DATA ▸

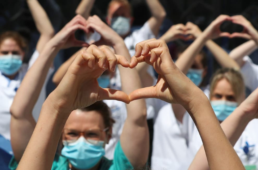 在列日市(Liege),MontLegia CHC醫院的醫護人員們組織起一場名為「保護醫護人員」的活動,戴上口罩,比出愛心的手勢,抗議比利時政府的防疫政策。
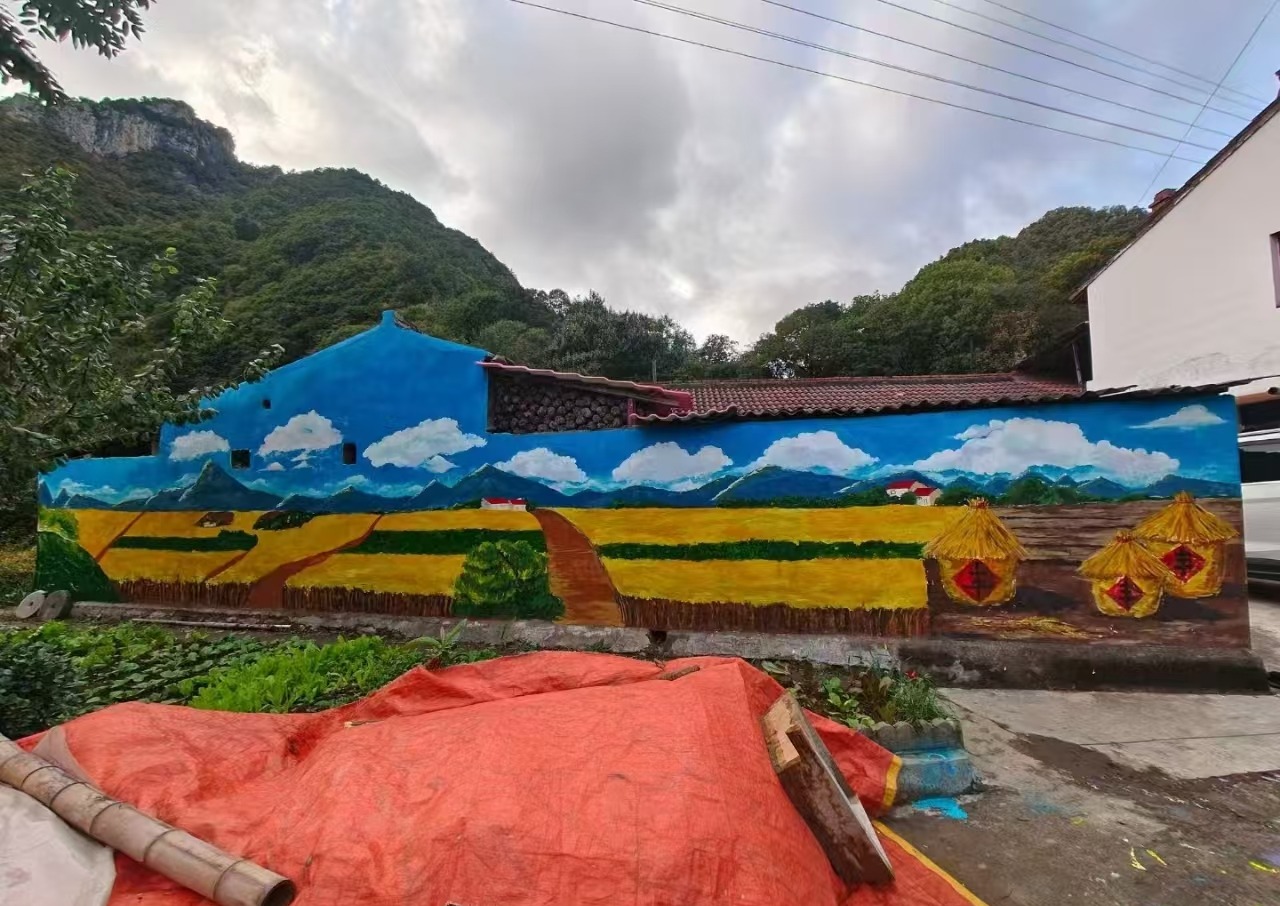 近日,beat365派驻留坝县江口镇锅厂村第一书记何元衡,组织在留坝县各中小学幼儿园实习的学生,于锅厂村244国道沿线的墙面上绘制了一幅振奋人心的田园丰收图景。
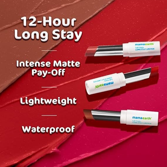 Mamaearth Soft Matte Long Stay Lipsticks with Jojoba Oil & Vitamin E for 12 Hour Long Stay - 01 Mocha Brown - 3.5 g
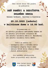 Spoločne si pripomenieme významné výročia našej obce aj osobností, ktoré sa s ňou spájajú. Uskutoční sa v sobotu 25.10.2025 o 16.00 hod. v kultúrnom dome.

YOUR OBJECTIVE ▸
Please copy the data shown above word for word, omitting the pictures.

SOLUTION TO THE PROBLEM ▸
 在列日市(Liege),MontLegia CHC醫院的醫護人員們組織起一場名為「保護醫護人員」的活動,戴上口罩,比出愛心的手勢,抗議比利時政府的防疫政策。
 近日,beat365派驻留坝县江口镇锅厂村第一书记何元衡,组织在留坝县各中小学幼儿园实习的学生,于锅厂村244国道沿线的墙面上绘制了一幅振奋人心的田园丰收图景。
 Mamaearth Soft Matte Long Stay Lipsticks with Jojoba Oil & Vitamin E for 12 Hour Long Stay - 01 Mocha Brown - 3.5 g
 Spoločne si pripomenieme významné výročia našej obce aj osobností, ktoré sa s ňou spájajú. Uskutoční sa v sobotu 25.10.2025 o 16.00 hod. v kultúrnom dome.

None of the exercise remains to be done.